First Dinosaur Tracks

The first Dinosaur tracks in North America were discovered in the Connecticut River Valley of Massachusetts.

The first dinosaur tracks in recorded history were discovered by a young farm boy by the name of Pliny Moody1. At about age 12, he was plowing a field near Moody Corner, South Hadley, Massachusetts when he discovered a slab of rock with stone tracks on it. It is said that he then took the slab of tracks home and installed it as a door step at the family home. A few years later, about the time Pliny Moody went off to school, the tracks were bought by Dr. Elihu Dwight of South Hadley, Massachusetts. Dr. Elihu Dwight2 was the first person in recorded history to purchase a dinosaur track. While in the possession of these two men, they obtained the name “the tracks of Noah’s raven” because the biblical Noah, when he was on the ark, released a raven that never returned. It was believed that the raven landed in South Hadley, Massachusetts and left it’s tracks in the mud which later turned to stone. After obtaining the tracks, Dr. Dwight had the tracks in his possession for about 30 years. About 1839 they where obtained by Professor Edward Hitchcock for Amherst College. The slab of tracks is known as 16/2 in the Amherst College collection.

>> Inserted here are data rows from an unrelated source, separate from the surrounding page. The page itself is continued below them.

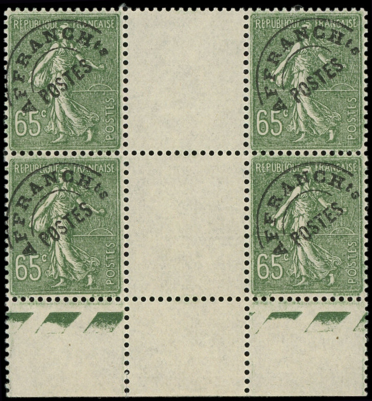 Lignée, 65c. olive, BLOC de 4 interp. bdf, bon centrage, TB (Image)
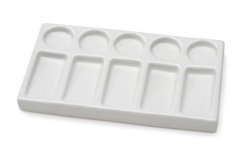 Pure white 10-well porcelain palette makes mixing paint a breeze. Quality porcelain paint palette designed to be a welcome addition to any artist's studio. Slick glaze is easy to clean and prevents your paint from absorbing into the surface. Take a break from flimsy plastic. Oblong shape, with 4 small wells and 4 larger for great mixing capability.Feature
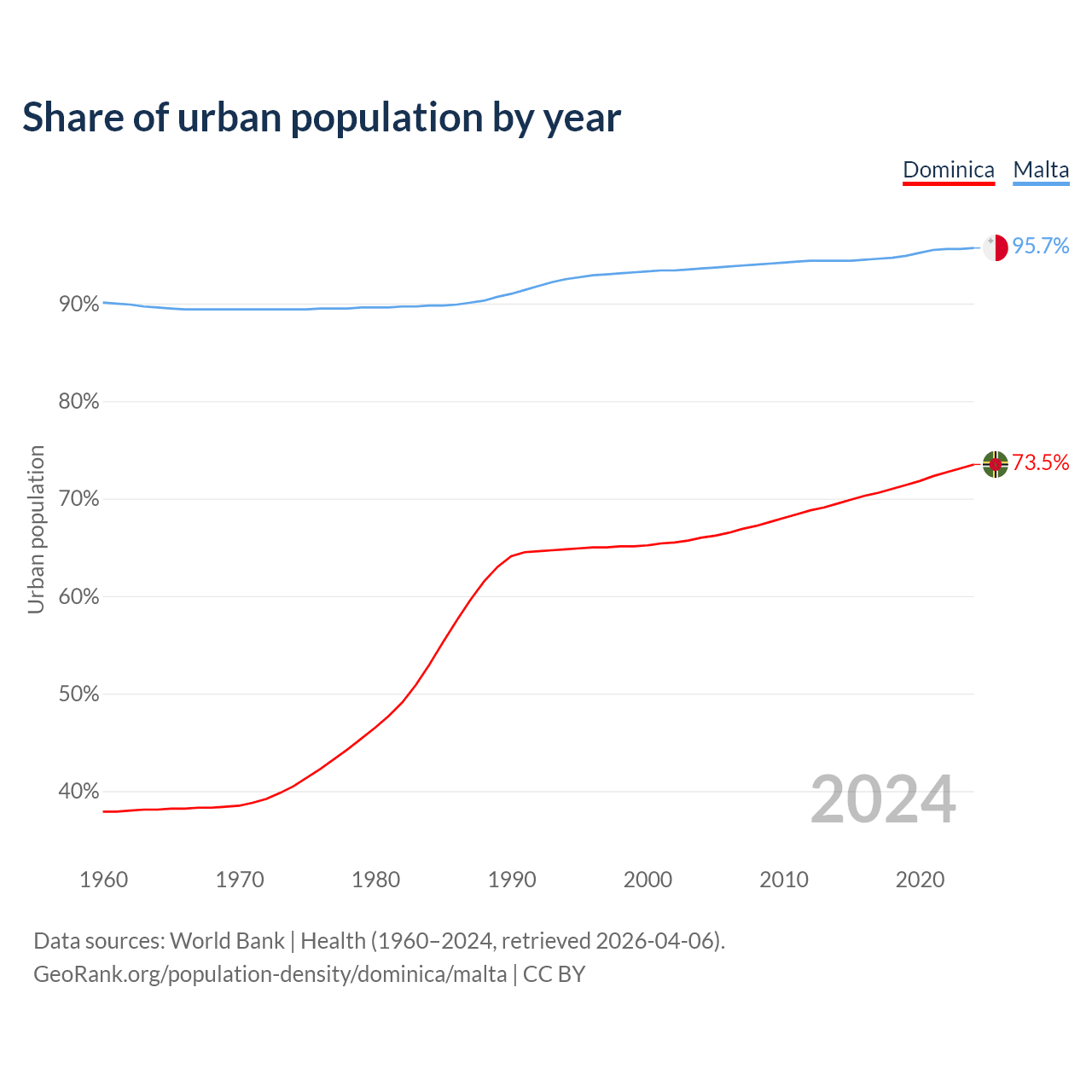 From 2004 to 2024, the share of urban population changed from 66% to 73.5% in Dominica and from 93.6% to 95.7% in Malta.

However, the first dinosaur tracks in North America, that came to the attention of scientists, were noticed in Greenfield, Massachusetts in 1835. They were quarried by Dexter Marsh3 at his stone quarry near Turners Falls, Massachusetts in order to be used as flag stones in the streets of Greenfield, Massachusetts . The tracks were noticed by several Greenfield residents before coming to the attention of a Greenfield physician by the name of Dr. James Deane4. Dr. Deane is credited as the first person to recognize the scientific significance of the tracks and he began to study them. He also contacted Professor Edward Hitchcock of Amherst College that same year to make him aware of the stone tracks. After a short delay, Professor Hitchcock came to see them and he also recognized their significance. The people who first noticed the Greenfield tracks called them “turkey tracks” because they looked a lot like the tracks of a turkey. Eventually these tracks where obtained by Professor Hitchcock for Amherst College. They are known as specimens 18/1 and 18/2 in the Amherst College collection .

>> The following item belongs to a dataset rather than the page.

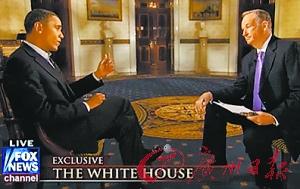 奧巴馬(左)接受福克斯新聞臺(tái)現(xiàn)場(chǎng)直播主持人奧賴?yán)麑TL。
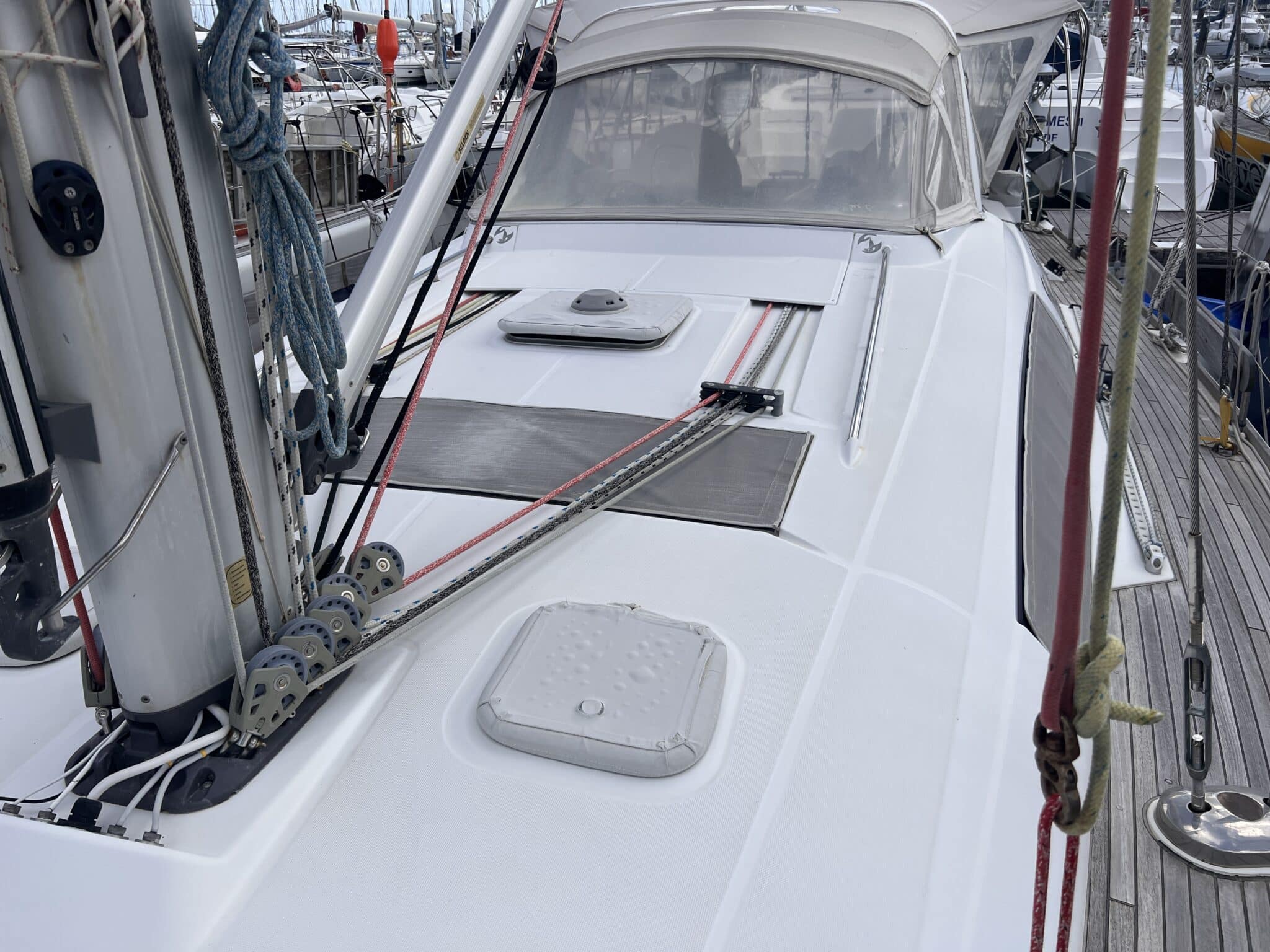 Numerous protective covers: saloon plexis, winches, helm, table, outboard engine, …

As to which find is more important, I’ll leave that to better people than I to determine. To me both are important, one are the first tracks to be found and the others are the first tracks found made known to science .

The Hitchcock Ichnology Collection at Beneski Museum of Natural History is the most extensive collection of dinosaur footprints in the world.

In the 1830’s both slabs of tracks came to the attention of one Professor Edward Hitchcock5 of Amherst College . After Professor Hitchcock studied them, he decided that they weren’t the tracks of “Noah’s raven” or “turkey tracks”, but rather that they were the tracks of unknown ancient birds. Anomeopus was the name eventually given to the Moody tracks . Tridentipes elegans was the name given to Marsh/Deane tracks. These early footprint finds sparked an interest on the part of Professor Hitchcock to study them further and thus began the field of Ichnology (the study of trace fossils such as fossil footprints). He spent the rest of his life collecting tracks from around the Connecticut River Valley. This work culminated in one of the first published works on fossil tracks: Ichnology of New England (1858 with a supplement published in 1865). It was around the time of his death in 1864, as knowledge of dinosaurs increased, that it became apparent that the Connecticut River Valley tracks were not the tracks of ancient birds, but rather the tracks of dinosaurs. They were then re-identified as dinosaur tracks.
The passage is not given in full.